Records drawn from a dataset

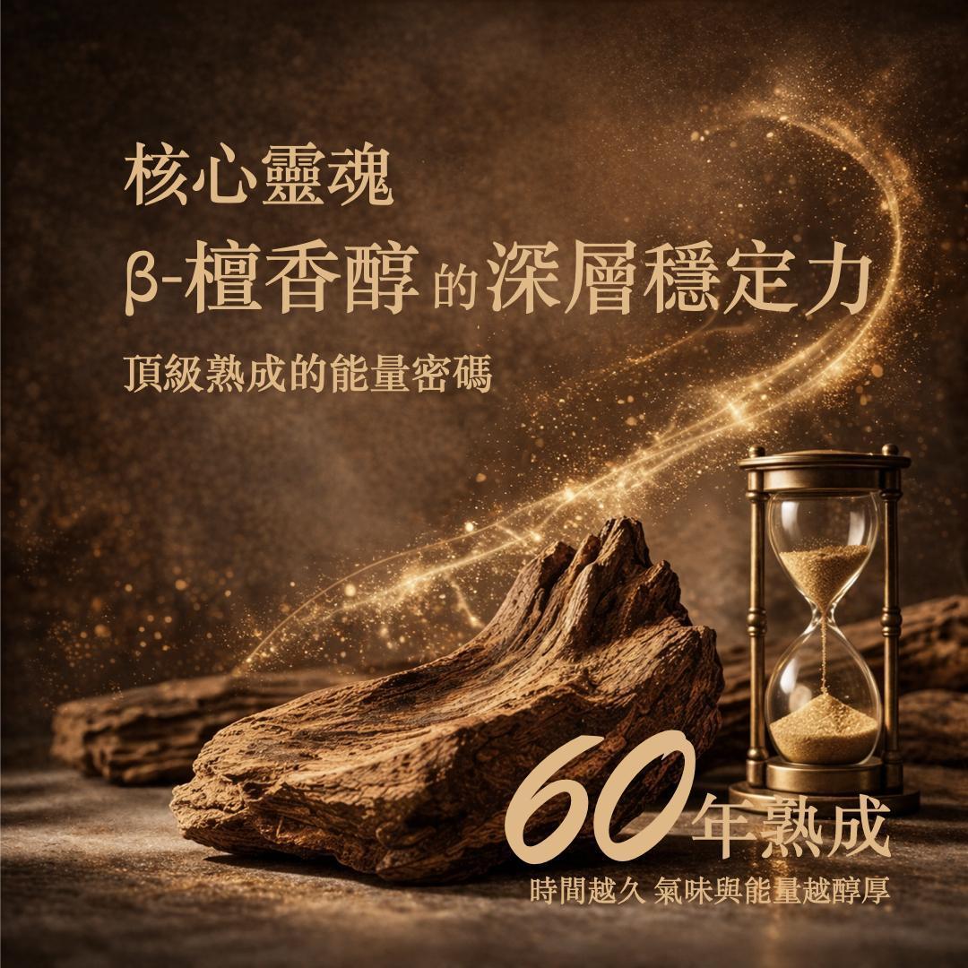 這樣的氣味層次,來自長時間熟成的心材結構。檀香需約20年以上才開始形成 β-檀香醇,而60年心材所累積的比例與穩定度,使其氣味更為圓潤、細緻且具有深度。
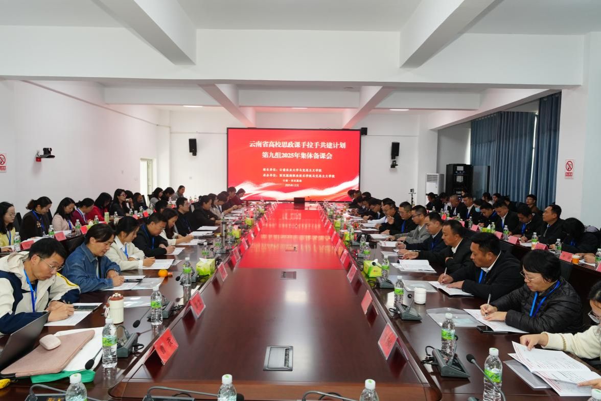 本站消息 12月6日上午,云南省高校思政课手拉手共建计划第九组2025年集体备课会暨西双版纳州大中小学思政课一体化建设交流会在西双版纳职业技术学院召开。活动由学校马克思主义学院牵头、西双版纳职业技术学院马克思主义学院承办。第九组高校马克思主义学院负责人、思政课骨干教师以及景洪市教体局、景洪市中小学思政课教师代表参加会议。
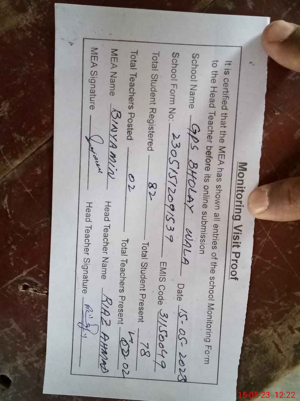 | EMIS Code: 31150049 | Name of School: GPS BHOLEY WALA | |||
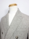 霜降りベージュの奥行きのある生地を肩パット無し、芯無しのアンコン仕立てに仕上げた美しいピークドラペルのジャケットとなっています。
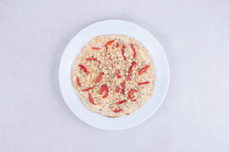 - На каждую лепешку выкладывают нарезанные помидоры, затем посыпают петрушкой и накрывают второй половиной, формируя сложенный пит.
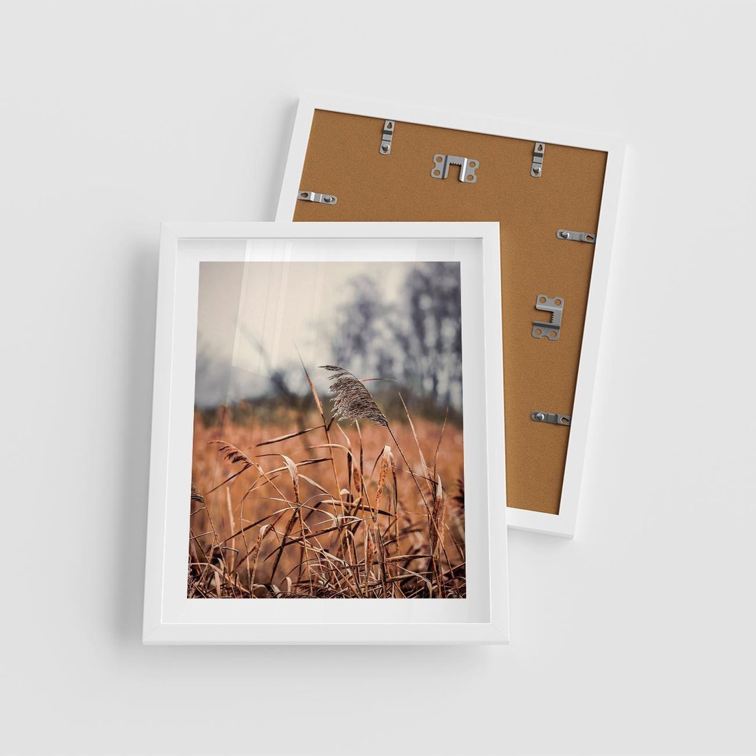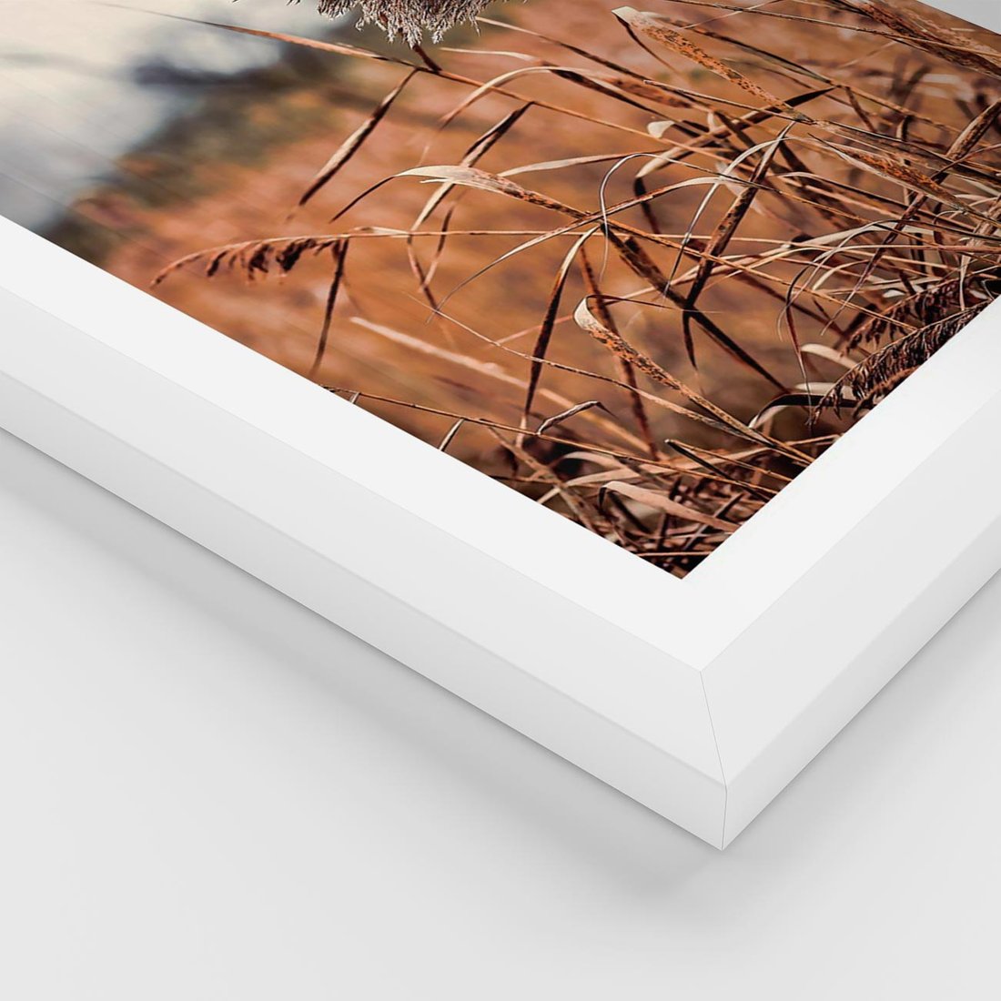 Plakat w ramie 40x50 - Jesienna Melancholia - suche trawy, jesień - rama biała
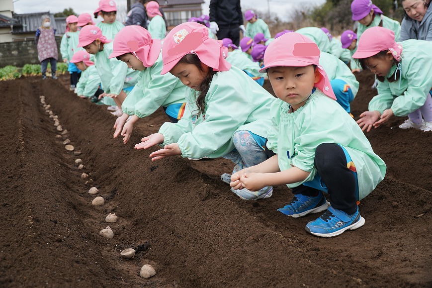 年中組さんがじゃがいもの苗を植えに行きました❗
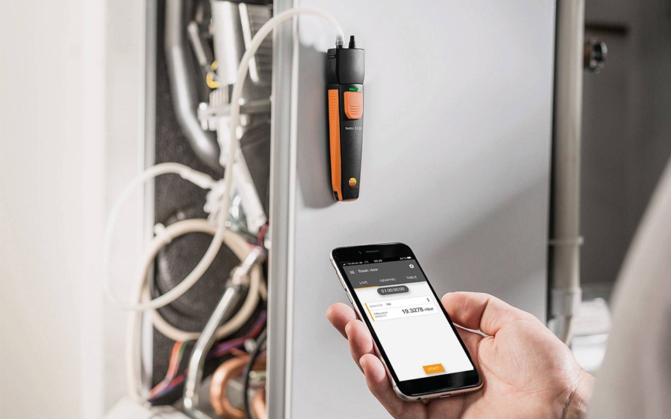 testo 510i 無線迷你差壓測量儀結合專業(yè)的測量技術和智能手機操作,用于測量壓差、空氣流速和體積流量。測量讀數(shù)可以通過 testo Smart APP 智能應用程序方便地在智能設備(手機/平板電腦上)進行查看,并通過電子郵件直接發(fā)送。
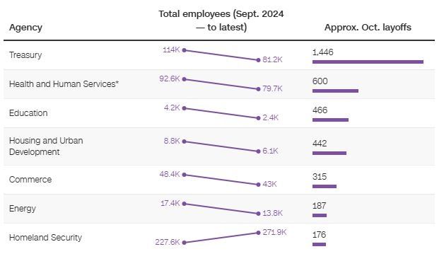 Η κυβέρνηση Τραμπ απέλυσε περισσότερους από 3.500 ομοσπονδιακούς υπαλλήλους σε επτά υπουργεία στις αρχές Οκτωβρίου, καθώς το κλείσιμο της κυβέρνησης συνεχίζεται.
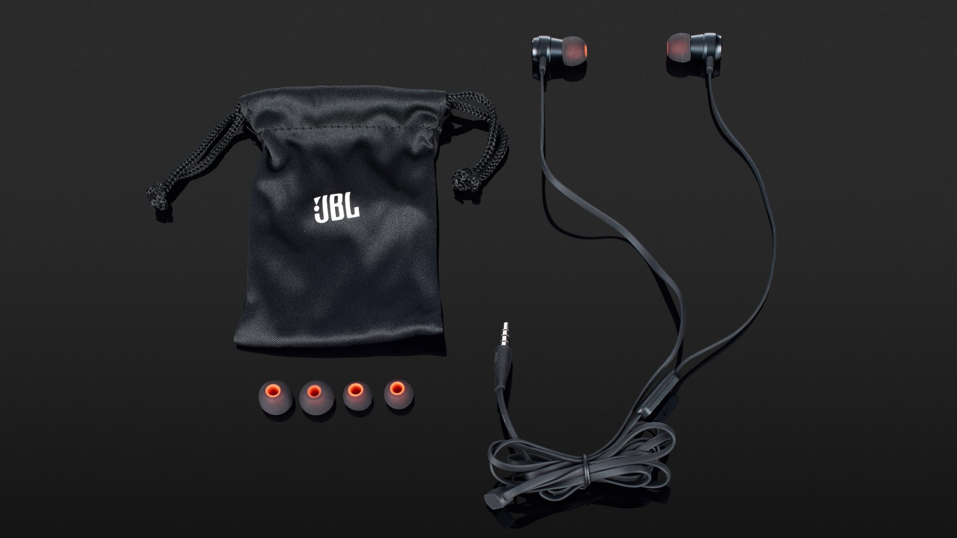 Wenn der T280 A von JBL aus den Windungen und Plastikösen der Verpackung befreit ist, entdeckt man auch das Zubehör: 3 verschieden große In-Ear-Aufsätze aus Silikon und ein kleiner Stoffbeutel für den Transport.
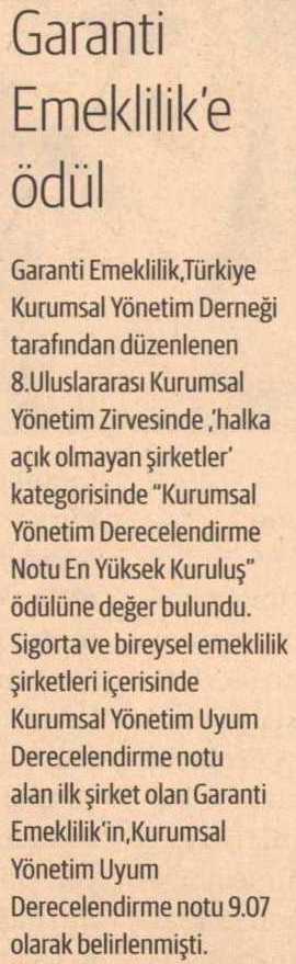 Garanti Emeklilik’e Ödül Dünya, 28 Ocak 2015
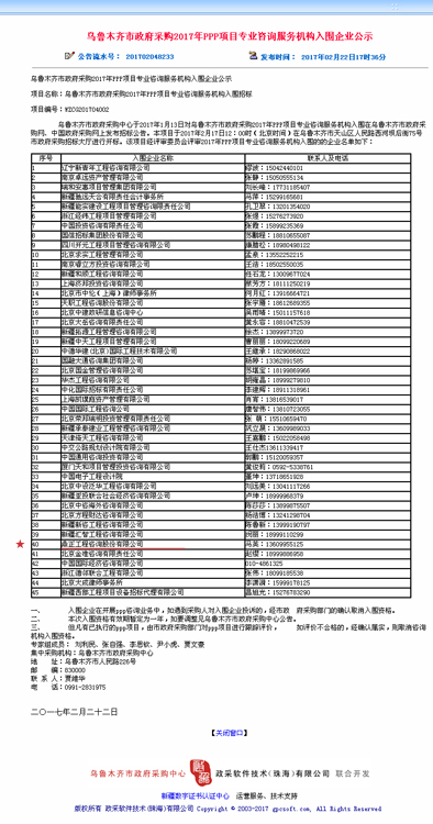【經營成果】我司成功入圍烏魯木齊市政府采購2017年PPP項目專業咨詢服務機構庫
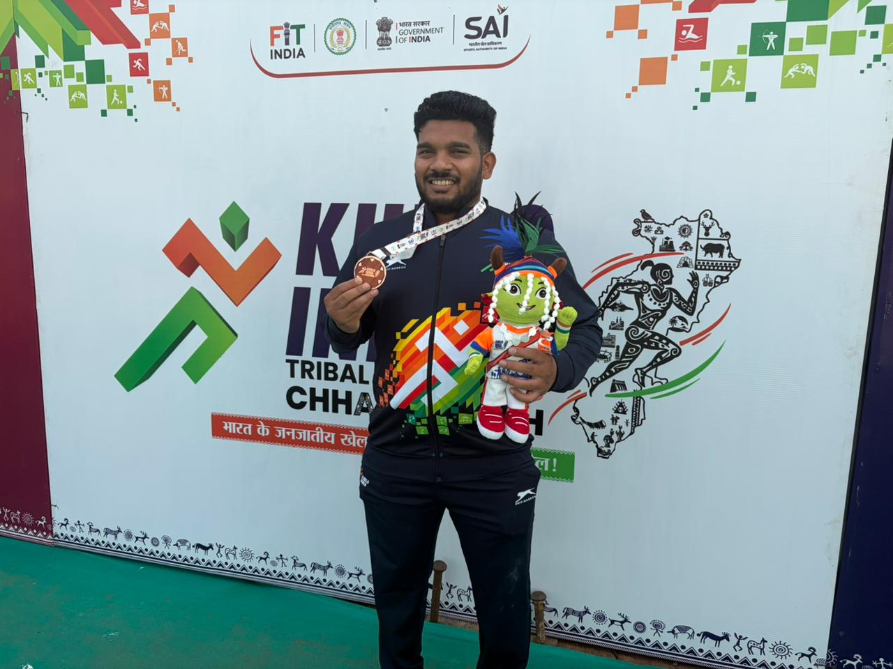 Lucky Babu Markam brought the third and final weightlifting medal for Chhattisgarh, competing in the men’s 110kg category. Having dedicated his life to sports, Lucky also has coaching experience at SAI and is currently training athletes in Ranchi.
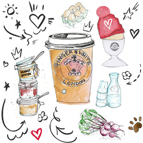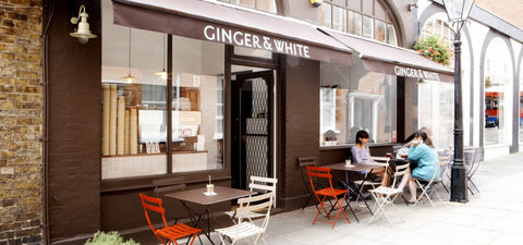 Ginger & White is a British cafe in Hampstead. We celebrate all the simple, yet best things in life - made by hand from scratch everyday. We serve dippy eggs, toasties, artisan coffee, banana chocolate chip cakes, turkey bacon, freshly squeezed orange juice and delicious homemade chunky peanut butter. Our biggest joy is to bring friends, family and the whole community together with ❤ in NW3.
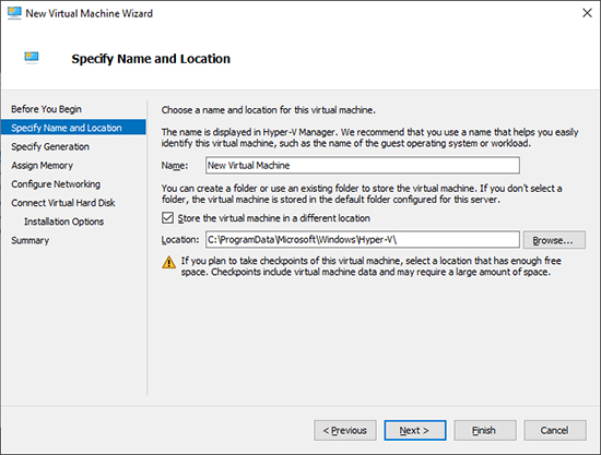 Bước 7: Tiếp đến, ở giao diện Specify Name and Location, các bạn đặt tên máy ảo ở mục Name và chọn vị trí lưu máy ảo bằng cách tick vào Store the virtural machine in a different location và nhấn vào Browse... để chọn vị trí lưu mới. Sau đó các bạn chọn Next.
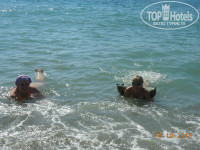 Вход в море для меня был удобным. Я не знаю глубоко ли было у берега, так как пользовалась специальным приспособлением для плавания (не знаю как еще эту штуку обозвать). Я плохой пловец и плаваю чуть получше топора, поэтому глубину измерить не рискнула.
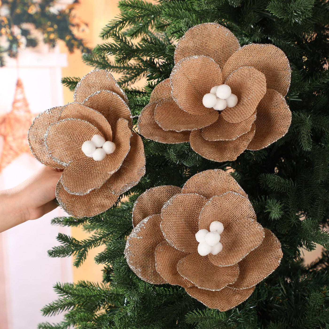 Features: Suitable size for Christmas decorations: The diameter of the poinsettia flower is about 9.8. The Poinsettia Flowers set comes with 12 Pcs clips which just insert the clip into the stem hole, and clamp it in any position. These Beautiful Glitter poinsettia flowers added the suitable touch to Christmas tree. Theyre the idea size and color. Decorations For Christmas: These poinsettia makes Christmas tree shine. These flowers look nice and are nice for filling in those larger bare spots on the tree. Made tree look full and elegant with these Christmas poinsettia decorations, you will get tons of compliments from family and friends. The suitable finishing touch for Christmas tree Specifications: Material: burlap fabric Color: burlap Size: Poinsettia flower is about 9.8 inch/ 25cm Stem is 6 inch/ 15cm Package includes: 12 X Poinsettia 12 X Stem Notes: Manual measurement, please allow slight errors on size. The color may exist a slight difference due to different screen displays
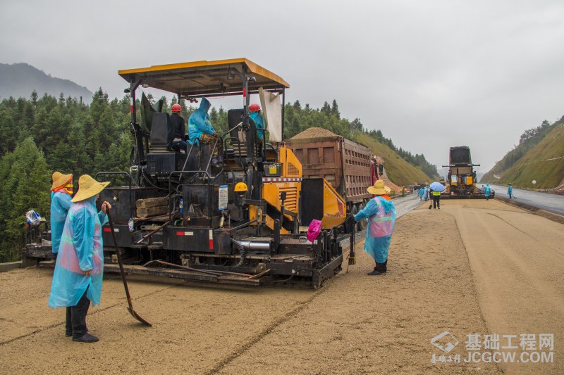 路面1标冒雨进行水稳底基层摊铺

Your task: Find the line with "Features: Suitable size". Reproduce it and every line after it through the last line above exactly, leaving out the pictures.

Response:
 Features: Suitable size for Christmas decorations: The diameter of the poinsettia flower is about 9.8. The Poinsettia Flowers set comes with 12 Pcs clips which just insert the clip into the stem hole, and clamp it in any position. These Beautiful Glitter poinsettia flowers added the suitable touch to Christmas tree. Theyre the idea size and color. Decorations For Christmas: These poinsettia makes Christmas tree shine. These flowers look nice and are nice for filling in those larger bare spots on the tree. Made tree look full and elegant with these Christmas poinsettia decorations, you will get tons of compliments from family and friends. The suitable finishing touch for Christmas tree Specifications: Material: burlap fabric Color: burlap Size: Poinsettia flower is about 9.8 inch/ 25cm Stem is 6 inch/ 15cm Package includes: 12 X Poinsettia 12 X Stem Notes: Manual measurement, please allow slight errors on size. The color may exist a slight difference due to different screen displays
 路面1标冒雨进行水稳底基层摊铺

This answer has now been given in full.